**Supplied information**
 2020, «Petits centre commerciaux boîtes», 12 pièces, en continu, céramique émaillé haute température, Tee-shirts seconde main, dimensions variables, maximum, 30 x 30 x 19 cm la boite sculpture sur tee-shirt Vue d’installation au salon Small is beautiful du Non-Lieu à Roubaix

...

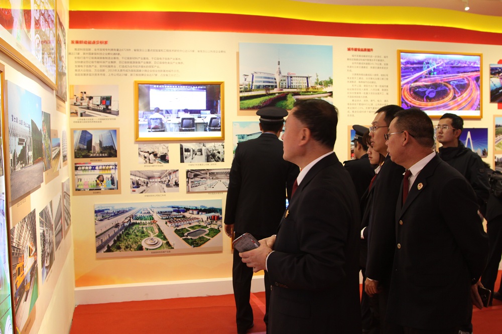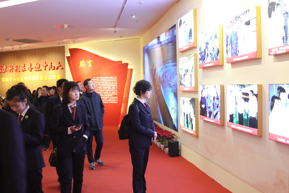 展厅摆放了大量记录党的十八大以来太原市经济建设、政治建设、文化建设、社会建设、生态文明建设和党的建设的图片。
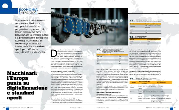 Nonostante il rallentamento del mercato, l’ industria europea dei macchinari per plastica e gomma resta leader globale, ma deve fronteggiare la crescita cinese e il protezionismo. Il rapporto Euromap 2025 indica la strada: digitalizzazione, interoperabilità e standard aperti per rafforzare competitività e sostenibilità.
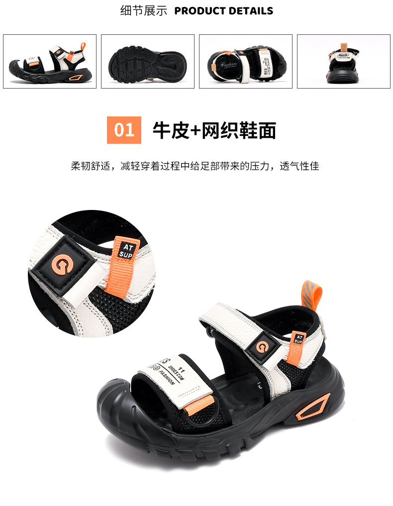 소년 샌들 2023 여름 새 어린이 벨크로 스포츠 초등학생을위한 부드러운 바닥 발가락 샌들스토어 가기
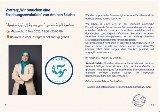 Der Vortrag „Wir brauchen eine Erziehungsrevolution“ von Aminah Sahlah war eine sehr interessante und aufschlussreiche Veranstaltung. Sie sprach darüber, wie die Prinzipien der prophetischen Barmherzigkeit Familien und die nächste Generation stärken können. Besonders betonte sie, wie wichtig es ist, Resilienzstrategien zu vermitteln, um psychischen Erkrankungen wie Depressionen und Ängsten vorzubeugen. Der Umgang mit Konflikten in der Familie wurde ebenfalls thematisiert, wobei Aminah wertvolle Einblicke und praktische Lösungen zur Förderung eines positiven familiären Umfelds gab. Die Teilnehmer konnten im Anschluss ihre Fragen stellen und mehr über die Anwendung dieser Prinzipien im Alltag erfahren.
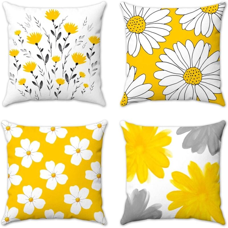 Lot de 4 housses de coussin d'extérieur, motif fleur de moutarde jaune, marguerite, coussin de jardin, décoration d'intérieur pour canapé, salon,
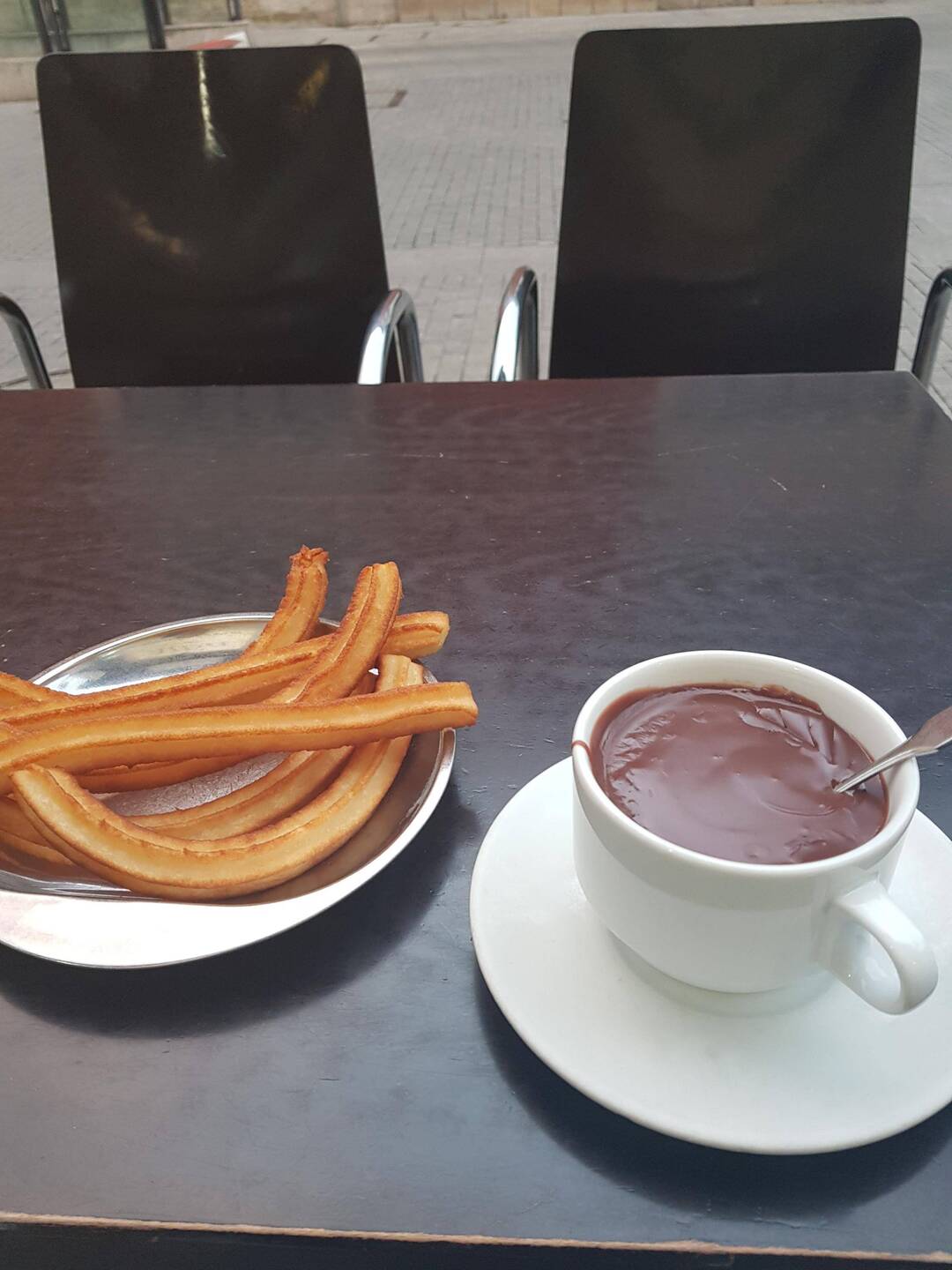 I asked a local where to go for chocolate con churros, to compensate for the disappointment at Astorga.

--

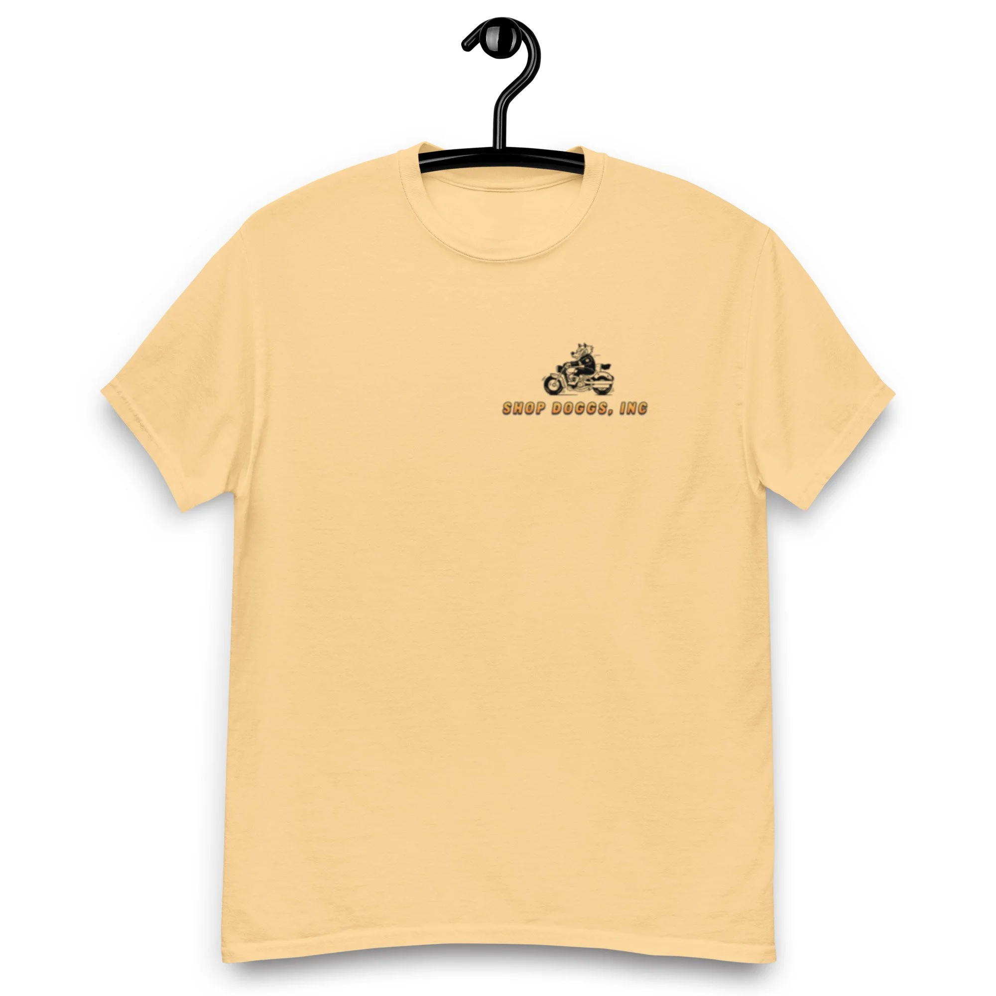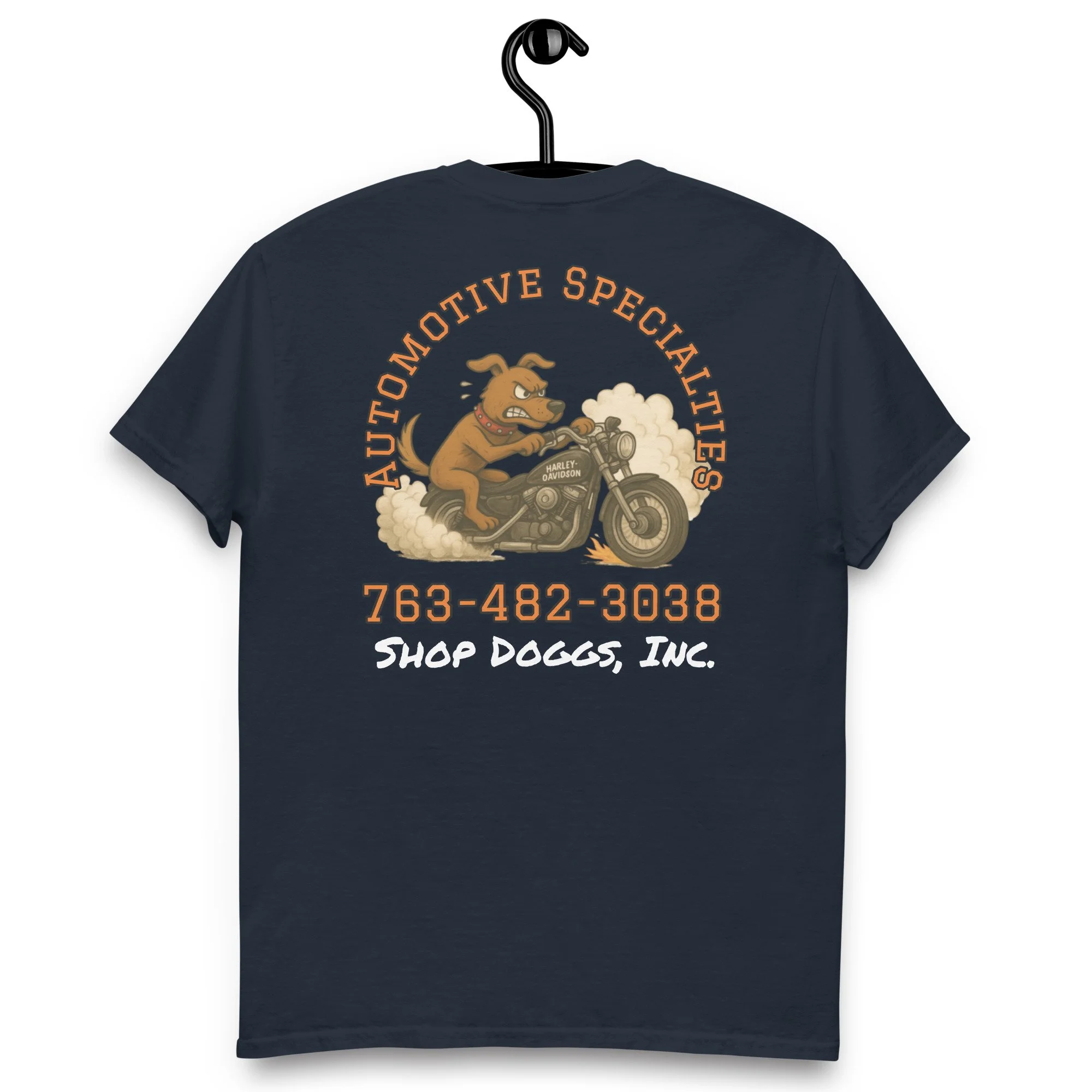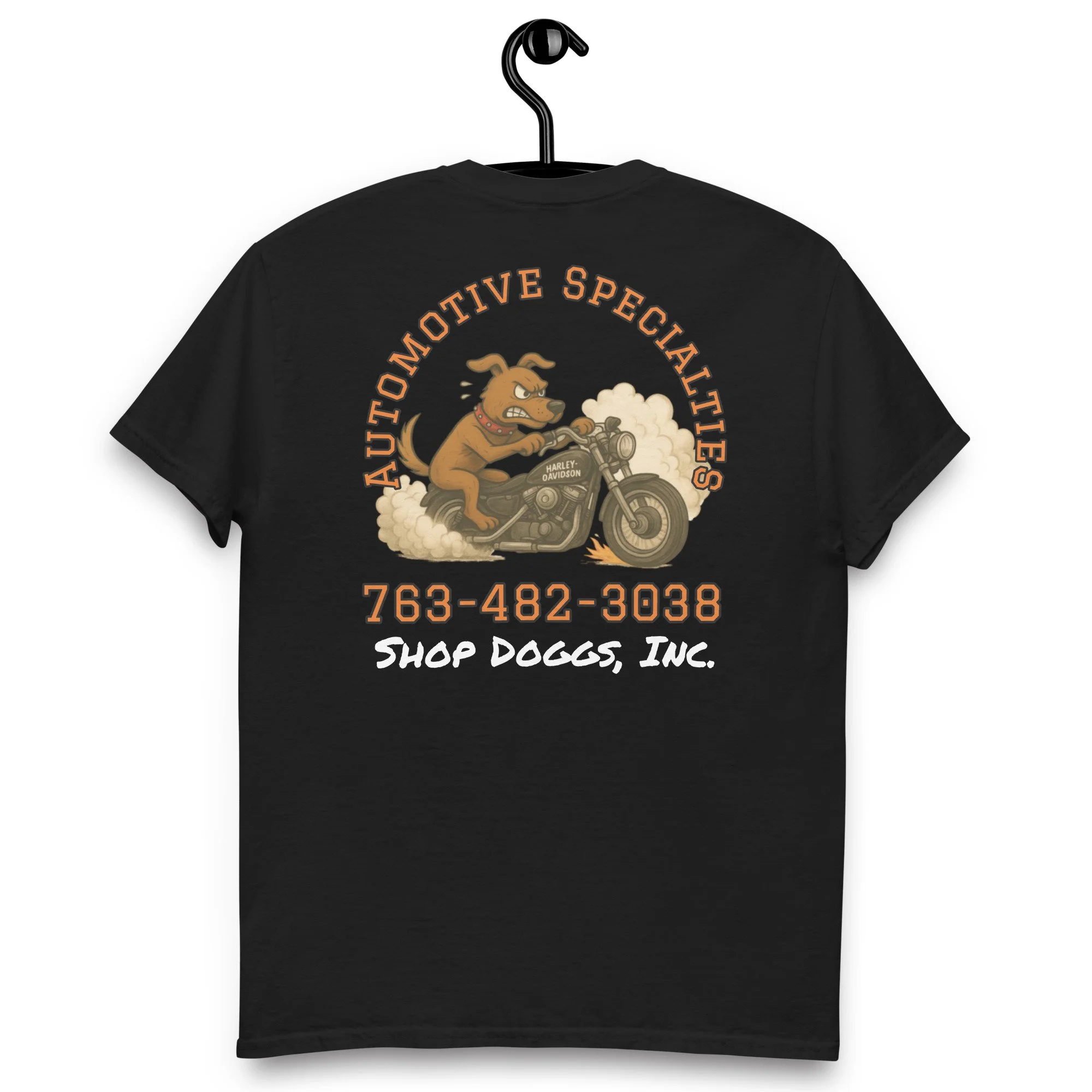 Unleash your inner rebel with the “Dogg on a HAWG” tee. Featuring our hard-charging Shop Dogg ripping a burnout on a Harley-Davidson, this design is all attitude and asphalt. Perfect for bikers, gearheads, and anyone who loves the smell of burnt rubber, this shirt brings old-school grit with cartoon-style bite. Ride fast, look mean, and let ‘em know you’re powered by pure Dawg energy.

**Assignment**
Set down again, exactly, every line above from the one with "Der Vortrag „Wir" down to the one with "I asked a local", both ends included. No pictures, and nothing else.

**Solution for this problem**
 Der Vortrag „Wir brauchen eine Erziehungsrevolution“ von Aminah Sahlah war eine sehr interessante und aufschlussreiche Veranstaltung. Sie sprach darüber, wie die Prinzipien der prophetischen Barmherzigkeit Familien und die nächste Generation stärken können. Besonders betonte sie, wie wichtig es ist, Resilienzstrategien zu vermitteln, um psychischen Erkrankungen wie Depressionen und Ängsten vorzubeugen. Der Umgang mit Konflikten in der Familie wurde ebenfalls thematisiert, wobei Aminah wertvolle Einblicke und praktische Lösungen zur Förderung eines positiven familiären Umfelds gab. Die Teilnehmer konnten im Anschluss ihre Fragen stellen und mehr über die Anwendung dieser Prinzipien im Alltag erfahren.
 Lot de 4 housses de coussin d'extérieur, motif fleur de moutarde jaune, marguerite, coussin de jardin, décoration d'intérieur pour canapé, salon,
 I asked a local where to go for chocolate con churros, to compensate for the disappointment at Astorga.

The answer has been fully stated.